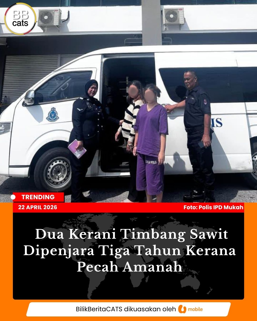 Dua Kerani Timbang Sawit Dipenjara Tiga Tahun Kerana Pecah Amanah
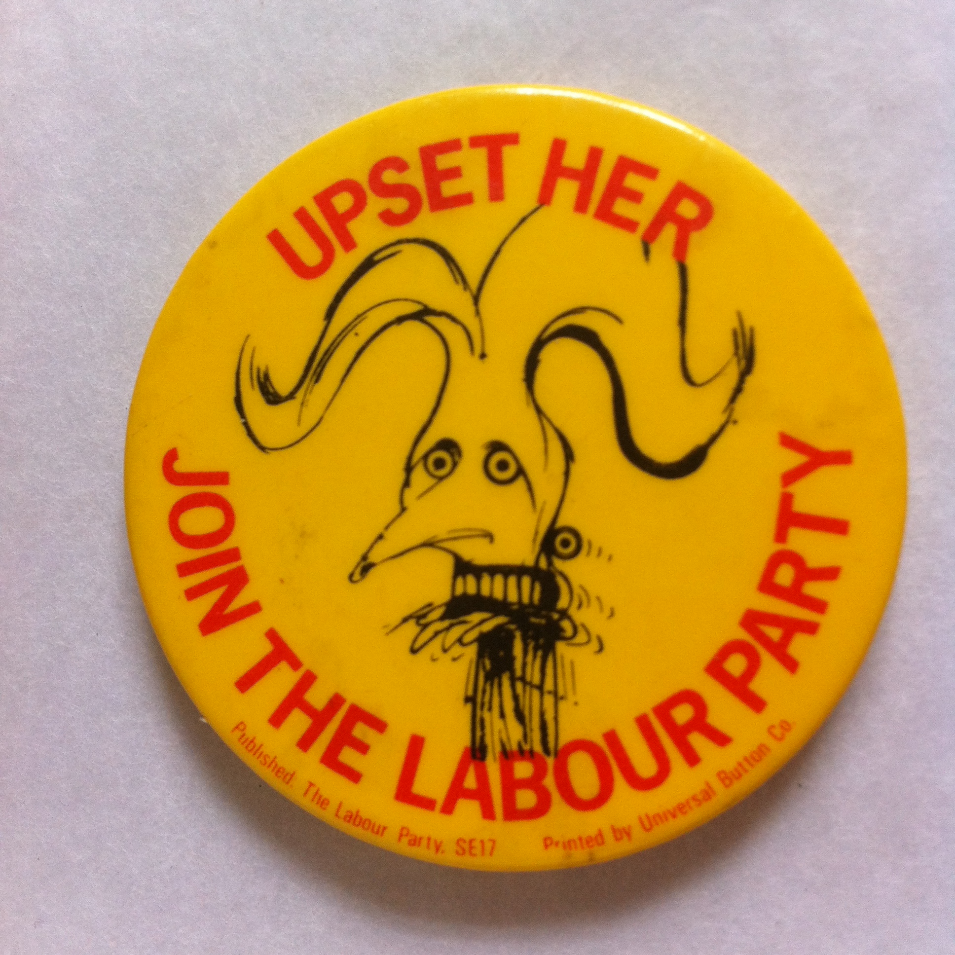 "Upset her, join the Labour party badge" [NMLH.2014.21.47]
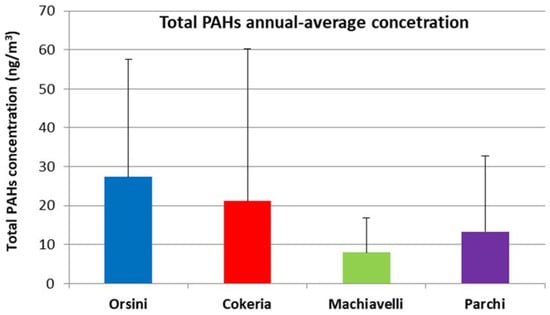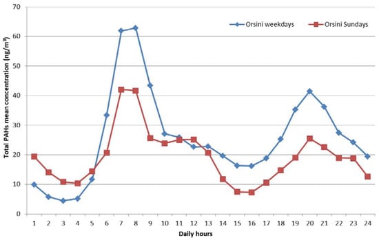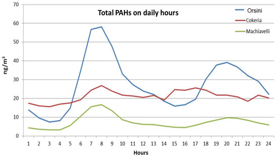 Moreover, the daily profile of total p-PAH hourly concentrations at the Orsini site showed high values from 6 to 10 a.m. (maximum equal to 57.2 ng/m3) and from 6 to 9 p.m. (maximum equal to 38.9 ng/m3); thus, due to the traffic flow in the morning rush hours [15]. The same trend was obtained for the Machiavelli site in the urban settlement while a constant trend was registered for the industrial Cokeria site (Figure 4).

What is expected: Reproduce the material above verbatim; omit every picture.

Reply:
 Dua Kerani Timbang Sawit Dipenjara Tiga Tahun Kerana Pecah Amanah
 "Upset her, join the Labour party badge" [NMLH.2014.21.47]
 Moreover, the daily profile of total p-PAH hourly concentrations at the Orsini site showed high values from 6 to 10 a.m. (maximum equal to 57.2 ng/m3) and from 6 to 9 p.m. (maximum equal to 38.9 ng/m3); thus, due to the traffic flow in the morning rush hours [15]. The same trend was obtained for the Machiavelli site in the urban settlement while a constant trend was registered for the industrial Cokeria site (Figure 4).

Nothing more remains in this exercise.